In isosceles triangle ABC (triangle with all sides equal size) with side a, is drawn another isosceles triangle $A_1,A_2,A_3$ which points $A_1,A_2,A_3$ are in AB/2, BC/2, AC/2. Again third triangle with same attributes is drawn, fourth, fifth... infinite...

This looks like on this http://pic.mkd.net/images/404616untitled.JPG"

Find the sum of the perimeter and calculate the sum of the areas of the triangles.

Homework Equations

The Attempt at a Solution

I think it is something like this:

$$P + \frac{P}{4} + \frac{P}{8} + ... + \frac{P}{2^n}$$ for the area of the triangle, and
$$L + \frac{L}{2} + \frac{L}{4} + ... + \frac{L}{2^n^-^1}$$
for the perimeter.

I think also, that I can write them as:
$$P + \sum_{n=2}^n \frac{P}{2^n} = P + \frac{P}{4} + \frac{P}{8} + ... + \frac{P}{2^n}$$

$$L + \sum_{n=2}^n \frac{L}{{2}^{n-1}} = L + \frac{L}{2} + \frac{L}{4} + ... + \frac{L}{{2}^{n-1}}$$

$$n \in \mathbb{N}$$

$$n\geq 2$$

n - number of triangles

 

[dirk_mec1]

Do you know what a geometric sum is?

 

[Physicsissuef]

Yes, I write the geometric sums above in the first post. Please see them, now.

 

[tiny-tim]

Hi! After a tiring excursion, finally I am back...

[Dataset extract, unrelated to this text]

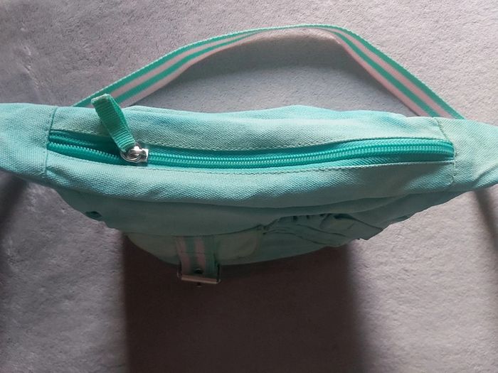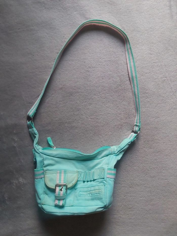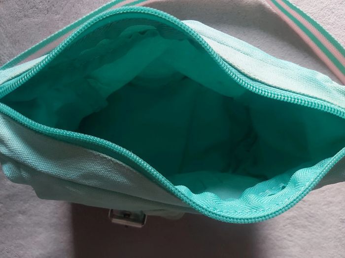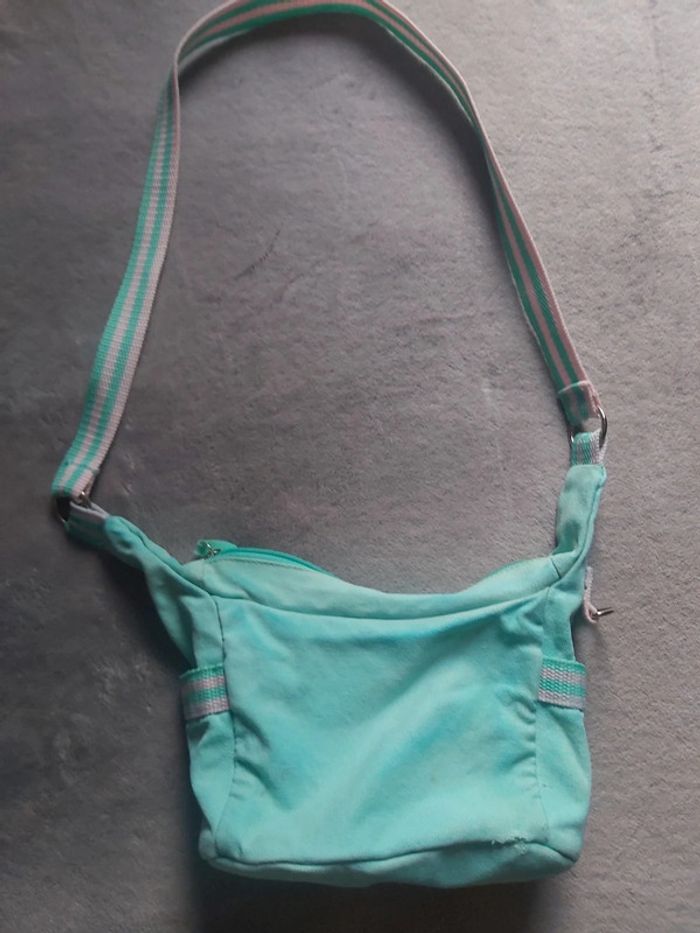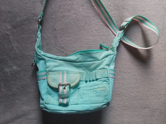 Bonjour, je vends une sacoche en bandoulière. Coloris vert d'eau et rose. Longueur 22 cm. 1 pochette devant et 1 sur chaque côté à scratch. Prix 3 €.
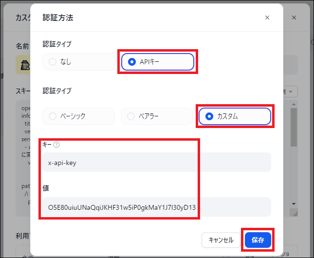 APIへのアクセスに必要な認証キー(x-api-key)を設定します。

strange … I didn't find it tiring!

$$P + \frac{P}{4} + \frac{P}{8} + ... + \frac{P}{2^n}$$ for the area of the triangle,

No.

Hint: if the lengths are halved each time, what happens to the area?

And what is ∑x^n?

(oh, and they're actually equilateral … isoceles means two sides equal)

 

[Physicsissuef]

tiny-tim I was on excursion, Skopje - Belgrade - Bratislava - Prague - Vienna (approximately 3000 km in both ways)
Is this correct:

$$P + \sum_{k=2}^n \frac{P}{2^k} = P + \frac{P}{4} + \frac{P}{8} + ... + \frac{P}{2^k}$$ $$L + \sum_{k=2}^n \frac{L}{{2}^{k-1}} = L + \frac{L}{2} + \frac{L}{4} + ... + \frac{L}{{2}^{k-1}}$$

$$n \in \mathbb{N}$$

$$n\geq 2$$

n - number of triangles

 

[tiny-tim]

Hi Physicsissuef!

The L equation is correct, the P equation isn't.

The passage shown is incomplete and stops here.